Syndecans-1, -2, -3 and -4 are a family of transmembrane HSPGs, 31, 20, 38 and 20 kDa in size, however, they migrate differently on polyacrylamide gels presumably due to extended structural configurations. The syndecan core protein is comprised of extracellular, N-terminal, transmembrane highly conserved domain and a cytoplasmic tail. The cytoplasmic tail contains two C-terminal domains and a variable domain specific to each syndecan member.

Syndecan-1 and -4 can have both HS and CS on their core protein, while syndecan-2 and -3 can have only HS. Each domain interacts with a wide array of ECM components, mitogens, chemokines to relay signals from the external environment into the cell 39,40.

In mineralised tissues, syndecans are expressed in a spatiotemporal manner according to the developmental stage and tissue type. In early skeletal development, syndecan-1 is transiently expressed, whereas syndecan-4 is ubiquitous 41–44. Importantly, syndecan-1 was shown to be upregulated in the AC of a mouse model of OA 45–47. Combined with the known role in skeletogenesis and wound healing, the authors suggest that syndecan-1 is overexpressed in the early stages of cartilage degeneration in an attempt to repair cartilage fibrillations. And although sydnecan-4 is hardly expressed in normal AC, it is strongly upregulated in human and animal models of OA 46,47. Interestingly, the OA mice deficient in syndecan-4 had a significant reduce of severity and cartilage damage. One mechanism of syndecan-4 action could be that during inflammation TNF and IL-1b regulate the expression of syndecan-4 which promotes aggrecan degradation by the aggrecanase ADAMTS-5 thereby inducing damage to the cartilage tissue 48,49. Syndecan- 4 has been specifically implicated in the OA of knee cartilage and in a ‘shedded’ or proteolytically processed version of syndecan-4 50.


In mice it was revealed that syndecan-2 was restricted to mesenchymal-derived tissues. Syndecan-2 is also expressed at the onset of periosteum osteogenesis, in the condensing pre-chondrogenic core and in the periochondrium, but is decreased during chondrocyte differentiation, heavily implicating syndecan-2 in bone formation. It has been

established that syndecan-2 is a negative regulator of Wnt signalling in osteosarcoma cells, however, it is known that the syndecan-4-driven Wnt/PCP axis is important for head cartilage morphogenesis 44,51. There is convincing

evidence that syndecan-2 and 4 have redundant functions in bone fracture repair. In a syndecan-4 knockout, syndecan- 2 was upregulated, however, expression was dependent on the presence of inflammatory TNF-a and less on Wnt-3a 52. Although syndecan-2 and -4 display some redundancy, there is evidence that they have distinct roles in skeletal and chondrogenic patterning, however, not fully understood 41.

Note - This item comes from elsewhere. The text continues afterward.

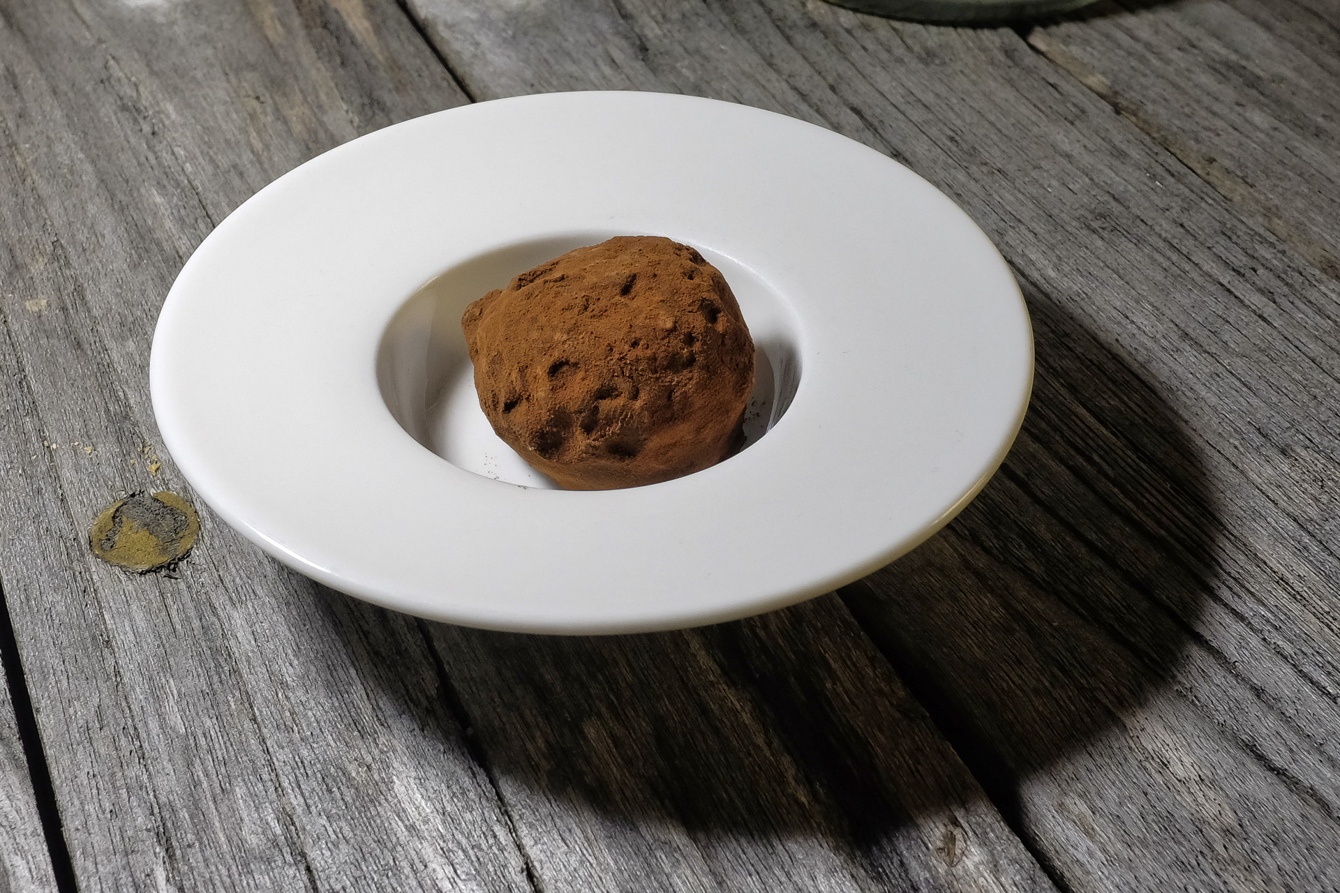 Als "Predessert" gab es eine Praline aus knackiger dunkler Schokolade mit Orangen Trüffel. sehr lecker.

Syndecan-3 is involved in chondrocyte differentiation during growth plate formation and is restricted to the

proliferative and hypertrophic zones, indicating a role in chondrocyte proliferation 53–55. Chondrocyte proliferation is thought to be mediated through syndecan-3 interaction with FGF-2 and IHH 56–58. In healthy AC, syndecan-3 had a basal expression, however, in OA cartilage syndecan-3 was highly upregulated, along with other chondrogenic differentiation and proliferation markers 55. This evidence suggests that during OA, chondrocytes in the AC undergo a syndican-3-mediated differentiation process similar to growth plate chondrocytes. If that is the case, hypertrophic or terminally differentiated chondrocytes would synthesise matrix components important for mineralisation and overall ECM stiffening, that are typically not found in AC.

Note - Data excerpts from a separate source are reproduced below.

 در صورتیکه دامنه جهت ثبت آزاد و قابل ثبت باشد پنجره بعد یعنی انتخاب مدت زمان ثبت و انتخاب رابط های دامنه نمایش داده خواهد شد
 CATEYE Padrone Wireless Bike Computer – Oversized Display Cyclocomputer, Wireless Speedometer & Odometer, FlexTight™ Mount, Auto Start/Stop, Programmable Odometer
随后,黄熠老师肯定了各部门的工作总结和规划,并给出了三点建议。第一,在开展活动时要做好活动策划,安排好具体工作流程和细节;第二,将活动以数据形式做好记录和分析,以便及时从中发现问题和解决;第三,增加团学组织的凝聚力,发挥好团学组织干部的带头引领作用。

Despite these data, however, the data on the specific function of syndecans during cartilage damage is elusive. There is a growing body of evidence that implicates syndecans in the inflammatory response not only in cartilage

degradation, but also in other systems 59,60. It is likely that syndecans are more strongly associated with the skeletal system under normal conditions, but during stress, they could be misregulated and contribute to pathological processes in cartilage via inflammation.


Glypicans are another class of PG that contain HS chains but instead of a transmembrane domain, they are anchored to the cell membrane with a glycosylphosphatidylinositol (GPI). Out of 6 glypicans, glypican-3 was found to be

predominantly expressed in foetal AC and limited in adult tissues 61,62. In bone biology, glypican-3 has been shown to inhibit osteogenesis through BMP-2 and to regulate osteoclast differentiation that correlated with the persistence of hypertrophic chondrocytes in embryos 63,64. Because it was implicated in bone remodelling, it was speculated that glypican-3 might also contribute to the development of OA. Udomsinprasert et al, discovered that glypican-3 levels were remarkably increased in the synovial fluid of patients with OA, although the mechanism was not revealed 65. Given the evidence, we can speculate that the appearance of glypican-3 in OA could be an early attempt for the inhibition of cartilage ossifications.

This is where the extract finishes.